Unstable Chromosomes Increase Risk of Non-Small Cell Lung Cancer Relapse
Tracking unstable chromosomes allows scientists to peer into the evolution of NSCLC.
Unstable chromosomes drive genetic diversity in lung tumors and increase the risk of cancer relapse, according to a study published in the New England Journal of Medicine. These findings provide new insight into relapse prevention for lung cancer.
The results are from the Cancer Research UK-funded TRACERx lung cancer study, which is the first to look at the evolution of cancer in both detail and real time.
For the study, investigators followed patients from diagnosis to either disease relapse or cure after surgery, whichever came first. They then tracked and analyzed how the cancer developed.
“The TRACERx study is Cancer Research UK’s single biggest investment in lung cancer, and for the first time we’ve revealed new insights into how tumors evolve and evade treatment, a leading cause of cancer death,” said lead researcher Charles Swanton, of the Francis Crick Institute in London. “We believe that this invaluable data generated during TRACERx will be seized upon by research teams across the world, helping us to answer more questions about lung cancer biology. We’ve only scraped the surface in terms of what is possible by looking at tumor evolution in such detail.”
In one study, the investigators analyzed tumors from 100 patients with non-small cell lung cancer (NSCLC). The findings showed that unstable chromosomes drive genetic diversity in these tumors.
Furthermore, patients who had a higher number of unstable chromosomes within their tumors were more than 4 times more likely to relapse or die from the cancer within 2 years. According to the authors, this is because genetically diverse tumors are more likely to evolve, metastasize, and develop resistance to treatment.

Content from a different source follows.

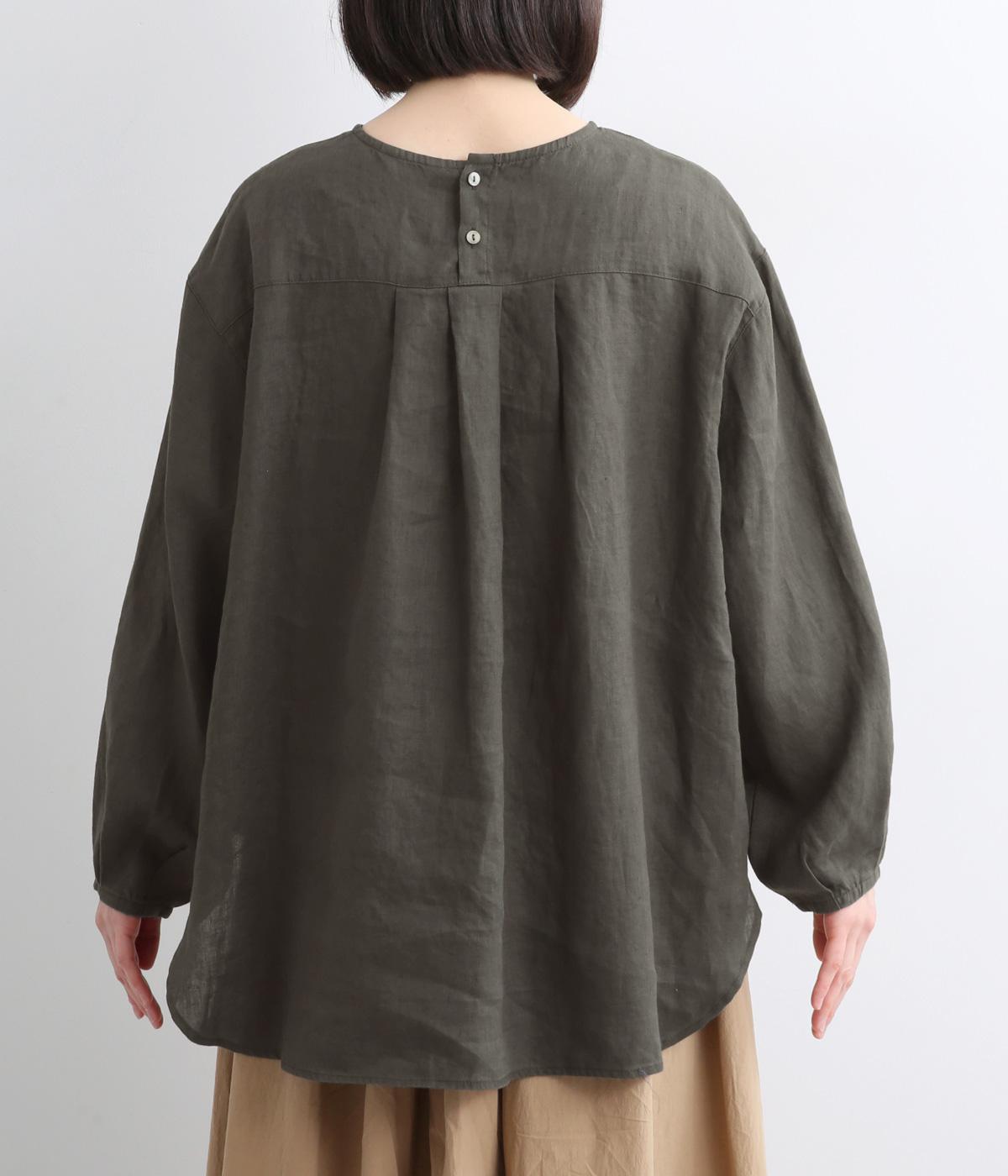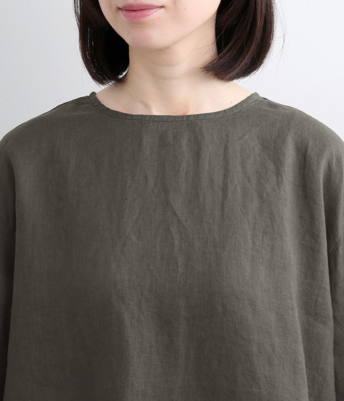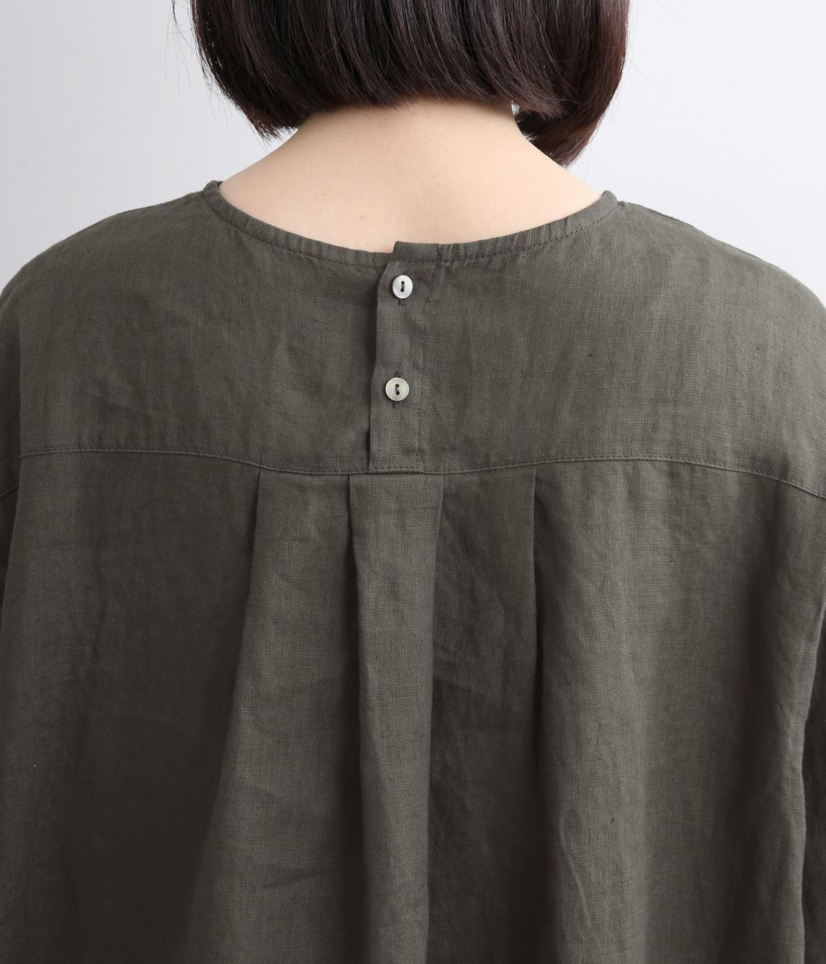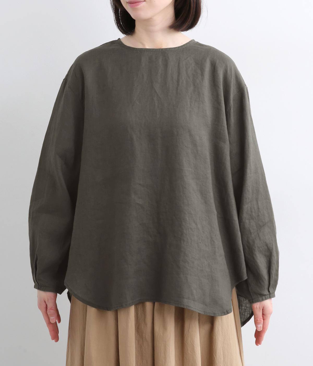 後ろタックでゆったりとしたフレアシルエットを描くプルオーバー。リネンならではの質感が自然なドレープを描き、ナチュラルな中にも優雅な印象が漂います。トップスアウトもお洒落にきまる着丈に前後差をつけたラウンドヘム仕様です。

“Determining the relationship between diversity within tumors and patient survival is one of the primary goals of TRACERx, so to find evidence for this so early on in the study is really encouraging,” said lead author Dr Mariam Jamal-Hanjani. “We’ve also identified what causes lung cancer to advance, providing us with insight into the biological processes that shape the evolution of the disease.”
Based on these findings, the investigators conducted a second study that was published in Nature to examine whether they could clinically track the genetic diversity.

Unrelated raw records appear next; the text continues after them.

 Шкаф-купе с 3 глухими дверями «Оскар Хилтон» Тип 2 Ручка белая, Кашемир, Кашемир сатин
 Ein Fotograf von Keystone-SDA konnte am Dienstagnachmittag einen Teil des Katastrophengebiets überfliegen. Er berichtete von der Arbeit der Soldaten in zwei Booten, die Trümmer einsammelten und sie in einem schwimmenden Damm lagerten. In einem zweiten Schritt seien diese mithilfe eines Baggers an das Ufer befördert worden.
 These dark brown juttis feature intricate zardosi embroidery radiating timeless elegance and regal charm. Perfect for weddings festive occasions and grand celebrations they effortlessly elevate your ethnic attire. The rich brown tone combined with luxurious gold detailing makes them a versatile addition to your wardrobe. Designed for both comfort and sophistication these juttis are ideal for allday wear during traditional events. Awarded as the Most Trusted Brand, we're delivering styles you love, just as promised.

The investigators obtained blood samples from 96 of 100 patients, and found that the patchwork of the genetic faults in NSCLC could be monitored using circulating tumor DNA.
Next, they analyzed the blood of 24 patients with NSCLC after they had undergone surgery. The investigators were able to accurately identify more than 90% of patients who would relapse up to a year before clinical imaging could confirm the disease was back.
Because physicians are unable to monitor the benefit of chemotherapy after surgery, the investigators sought to compare circulating tumor DNA levels immediately before and after chemotherapy post-surgery.
Following chemotherapy, the levels of tumor DNA were not reduced, and as a result, the disease returned. This suggests that at least part of the tumor had built up resistance to treatment.
“In the future, patients could be offered personalized treatments that target parts of the cancer responsible for relapse following surgery,” said lead author Dr Christopher Abbosh. “Using circulating tumor DNA, we can identify patients to treat even if they have no clinical signs of disease, and also monitor how well therapies are working. This represents new hope for combating lung cancer relapse following surgery, which occurs in up to half of all patients.”
In the UK, lung cancer accounts for more than 1 in 5 of all cancer deaths. In the last 40 years, survival only improved fractionally.
“Understanding these highly complex processes is enormously challenging and the contribution made by both of these studies is an important step in the right direction,” said Professor Karen Vousden, chief scientist at Cancer Research UK. “These findings could also help us to identify how lung cancers respond to therapy, building a bigger picture of the disease and potentially pointing the way to developing new treatments and, crucially, saving more lives.”